Single by Australian Crawl

from the album Sirocco
- A-side: "Oh No Not You Again"
- B-side: "Lakeside"
- Released: November 1981
- Genre: Pop/rock
- Label: EMI
- Songwriter: Guy McDonough
- Producer: Peter Dawkins

Australian Crawl singles chronology
| "Errol" (1981) | "Oh No Not You Again" (1981) | "Shut Down" (1982) |

= Oh No Not You Again =

"Oh No, Not You Again" is the third single by Australian rock band Australian Crawl from their 1981 studio album Sirocco. The song was written and sung by Guy McDonough, the band's rhythm guitarist, and was about "two young lovers who lived on the coast" whose relationship is disrupted by the man spending his nights "out on the town". It was produced by Peter Dawkins.

"Oh No Not You Again" was released in November, 1981 and featured a double A-side with "Lakeside". Despite the song's popularity, it was not featured on either of Australian Crawl's live albums. However, James Reyne did record an acoustic version with a more forlorn tone for his 2005 album And the Horse You Rode in On.
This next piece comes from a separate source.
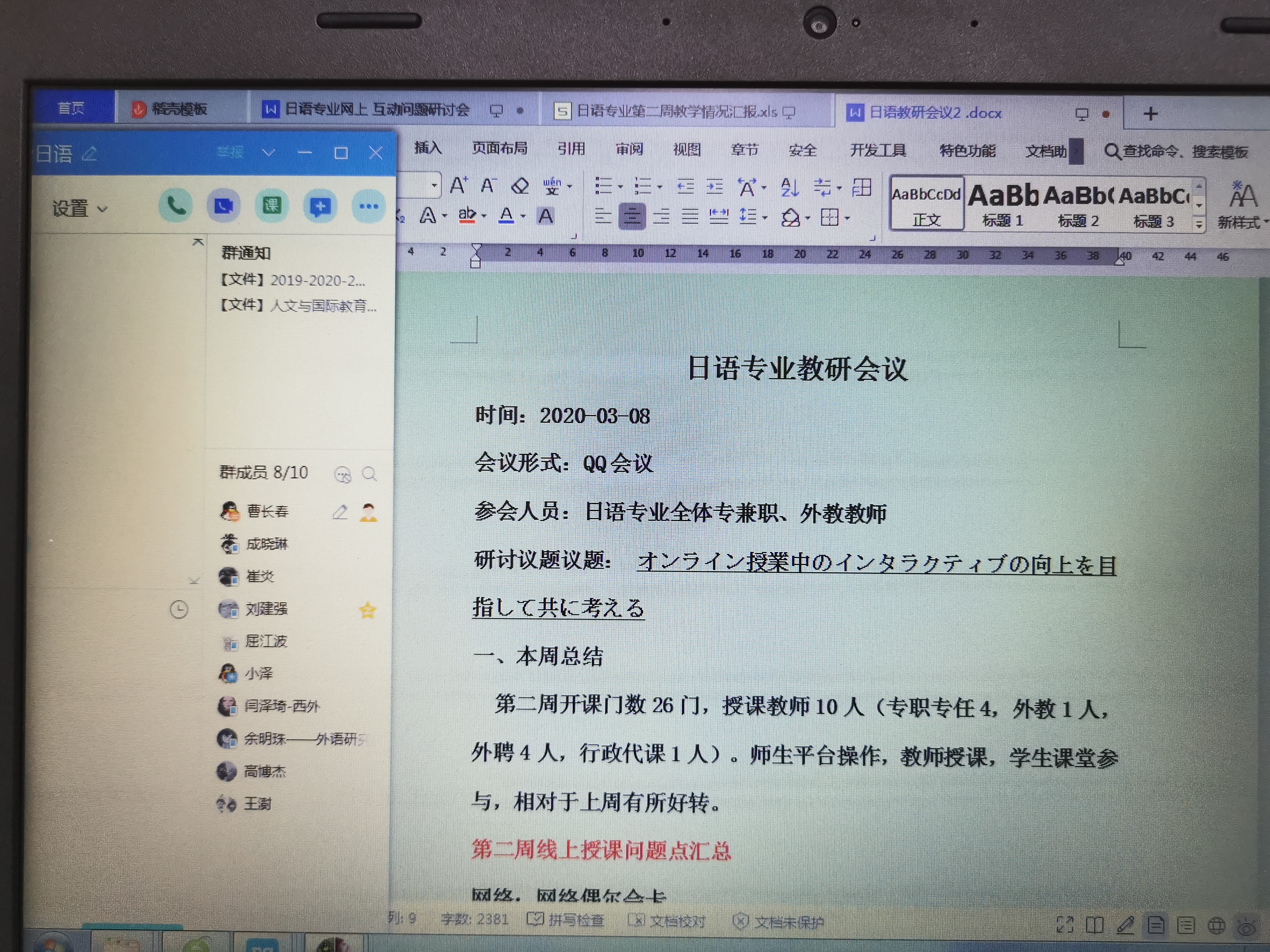 2020年3月8日上午9时,日语专业在QQ群召集了开学实施线上教学以来全体任课教师的第二次总结报告暨教学研讨会。

The single reached #58 on the Australian Singles Charts in October, 1981.

==Track listing==
1. "Oh No Not You Again" (Guy McDonough)
2. "Lakeside" (James Reyne)

==Charts==

| Chart (1981) | Peak position |
|---|---|
| Australian (Kent Music Report) | 58 |

==Certifications==

Certifications for "Oh No Not You Again"
| Region | Certification | Certified units/sales |
| New Zealand (RMNZ) | Gold | 15,000^{‡} |
^{‡} Sales+streaming figures based on certification alone.